I guess he wanted me to ask tough questions like “What’s it like living in Atlanta? Hot and humid, I bet, huh?”

But I had conducted many interrogations, and I knew this one was going to be the hardest of them all. The most difficult thing in police work is to obtain a murder confession, and I damned well knew one was not going to come during this silly fishbowl interview. One-on-one in an interview room the day the body was found, I might have had a chance to have gotten an acknowledgment of some involvement, but not here and now, with a bunch of lawyers hanging on every word.

 

 

I spent hours examining every piece of evidence, every photograph, every officer’s report.

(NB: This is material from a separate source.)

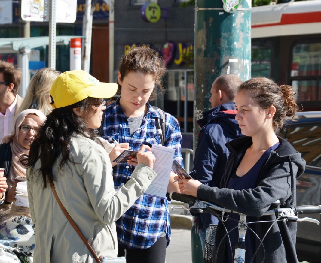 在活动现场,有四位来自中国大陆的学生经过,现在多伦多大学读书。了解到法轮功真相后,有两位大学生很爽快地同意退出曾经入过的共产党及其组织。他们都在征签卡上签了名。
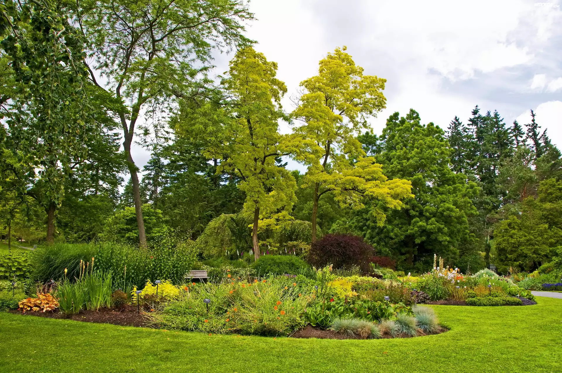 Zdjęcia, Park, Drzewa, Klomby, Kwiaty, Ławka

A picture taken at the Whites’ dinner party on Christmas night caught my eye, and something nagged at my memory. Then it came to me—Patsy was wearing a red turtleneck sweater and black pants in the picture. I found in an interview with Rick French that he said the morning of December 26 she was wearing a red turtleneck and black pants. She was wearing the same damned clothes! Had she been up all night in them? I wondered.

This woman, to whom looking good appeared always so important that she had a closet filled with designer clothes, had attended a party, come home late, put her children to bed, gone to sleep herself, arose early to fly across the country, put on fresh makeup and fixed her hair, and then put on the same clothes she had worn the previous night? Not likely, in my opinion. When I mentioned it the next day to Trip DeMuth, he remarked, “So she wore the same clothes two days in a row. Big deal.”

Maybe it wasn’t for him, but to a former Miss America contestant?

18

The interviews with Patsy and John Ramsey produced no earthshaking revelations. Having had the opportunity to study police reports, and with their lawyers and experts crawling all over evidence that should never have been shared, I felt the parents were about as well rehearsed as actors taking the stage. But at the end of the day, I concluded that as investigators, we had reached our goal—we had established probable cause. And when Patsy Ramsey left that room, I believe she could have been in handcuffs and charged with involvement in the death of JonBenét.